Cartier Paris and the Trapped Bird Brooch
As we approach #veday, I have been thinking about what it must have been like approaching the end of WW2 in Paris. Years of occupation had taken its toll on the ‘city of light’: electricity and gas were scarce, water was often cut off and as the head Cartier salesman wrote to his wife "the supply is more and more difficult…we subsist by the black market. For a month we have had very few vegetables or fruit, 0.90 grams of meat per week of poor quality." He was one of the lucky ones: many survived only on rutabagas, a turnip usually fed to cattle. Others sought to stretch out their rations by keeping chickens or rabbits in corners of small apartments (dogs had long since been rounded up to de-mine the country and cats had ended up in stews).

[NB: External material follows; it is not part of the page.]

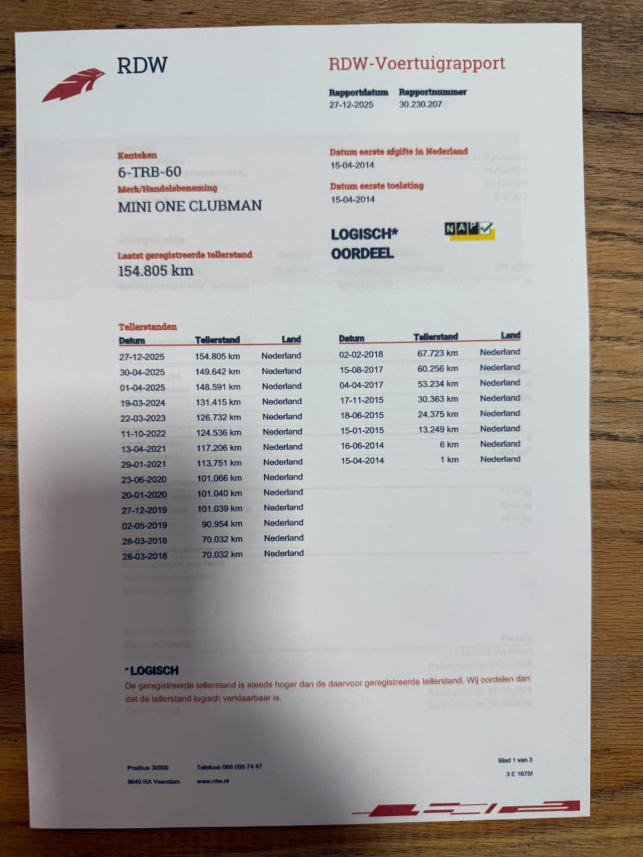 | Kilometerstand | 154.805 km |

But it wasn't just about going without: there was real fear too: Hitler had ordered his armies to destroy Paris if it was invaded by the allies.

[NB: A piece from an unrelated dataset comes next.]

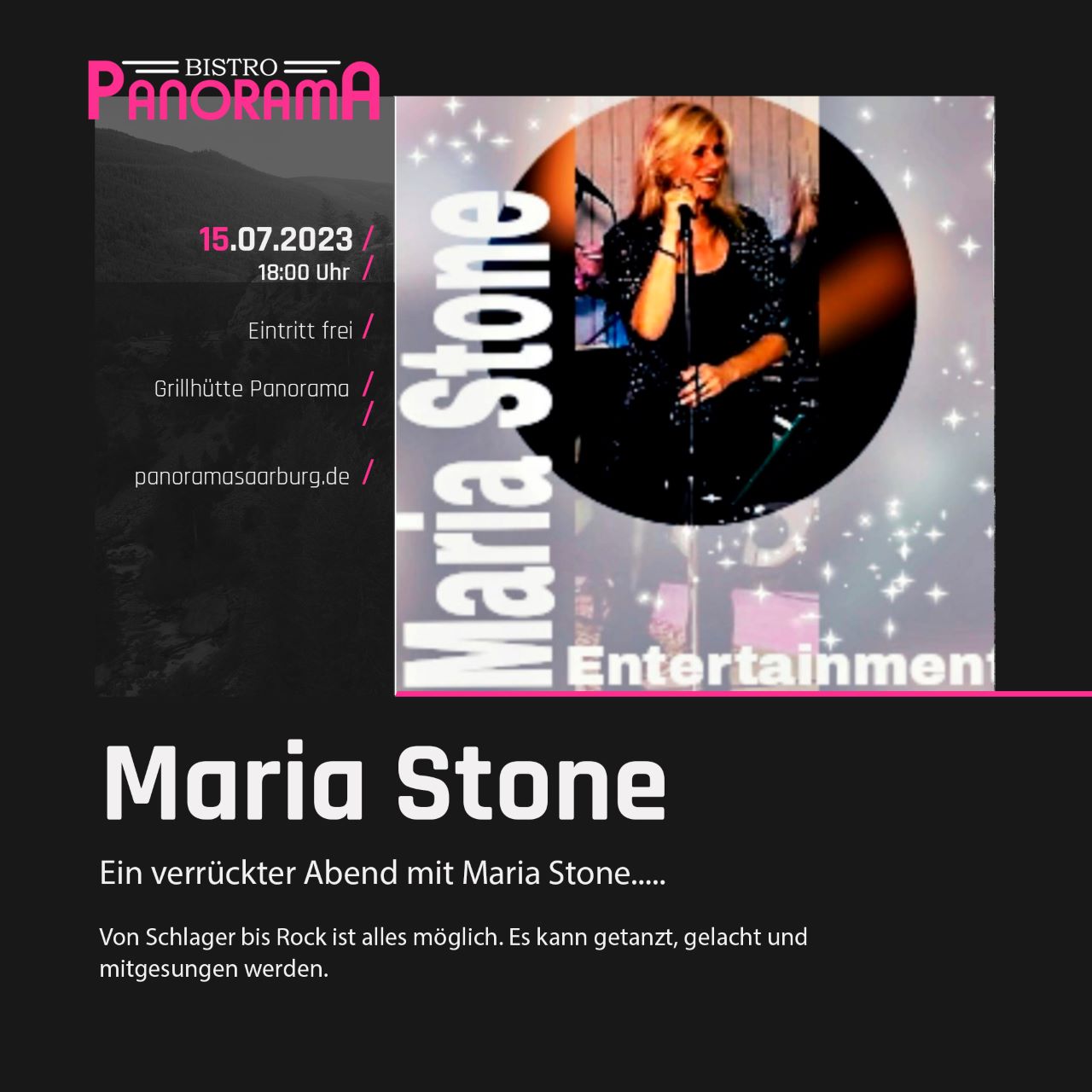 Wer kennt Sie nicht – Maria Stone, Entertainerin mit kraftvoller Stimme. Im Wirtshaus mit Herz in Saarburg hat Sie in vergangener Zeit insbesondere am Festivalabend im November 2022 Ihr Publikum mitgerissen. Von Schlager bis Rock; alles ist möglich. Genießen Sie einen verrückten Abend mit Maria Stone. Es kann gelacht, getanzt und mitgesungen werden. Termin Grillhütte Panorama 15.7.23 18.00 Uhr. und am 19.8.23 um 18.00 Uhr. Eintritt frei,

Under these conditions, businesses were severely tested but many did stay open - if only to stop themselves being requisitioned by the occupiers: Cartier Paris was not alone in resisting numerous attempts by the Nazis to move the Maison and its employees across the border to Germany. And the enduring Cartier symbol of those times? The now iconic #brooch of a bird trapped in a cage. Designed by Pierre Lemarchand, the #Cartierdesigner renowned for his animal creations (he was also behind many of the famous #pantherjewels for the Duchess of Windsor), the #birdbrooch represented the innocent French men, women, and children imprisoned by the Germans in their own city.

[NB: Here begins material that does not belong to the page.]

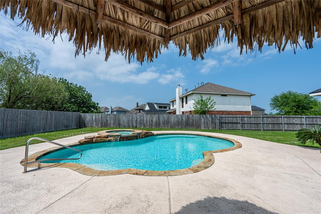 Welcome to this beautiful home in the desirable Pelican Harbour community! Boasting 18-foot ceilings, a formal dining area, and a gourmet kitchen outfitted with elegant granite countertops, stainless steel appliances, and abundant cabinetry, this home is an entertainer's dream. The spacious primary suite features serene pool views, a luxurious spa-like bath, and dual walk-in closets. Upstairs, you'll find a generously-sized game room, two additional bedrooms, and a beautifully refreshed bathroom. Recent upgrades include fresh interior paint, new blinds, a brand-new roof. The A/C unit is a mere 4 years old and operates at an efficient 16 SEER rating. Outside is your own private oasis, featuring a sparkling pool, rejuvenating spa, a charming palapa, LED pool lighting, a handy shed, solar screens and full privacy fencing. Situated outside of the flood zone, this home offers both tranquility and peace of mind.

Cartier Paris daringly displayed the brooch in their Rue de la Paix window in 1942. Some accounts suggest that Jeanne Toussaint, as the head of High Jewelry, was taken in for questioning and held for a short time before her friend Chanel managed to have her freed. My quick trawl through the WW2 Parisian police records was unable to confirm this, but either way, displaying the brooch was an incredibly plucky move back then. And today, almost 80 years later, that simple bold little bejewelled creation survives as a reminder of what previous generations lived through.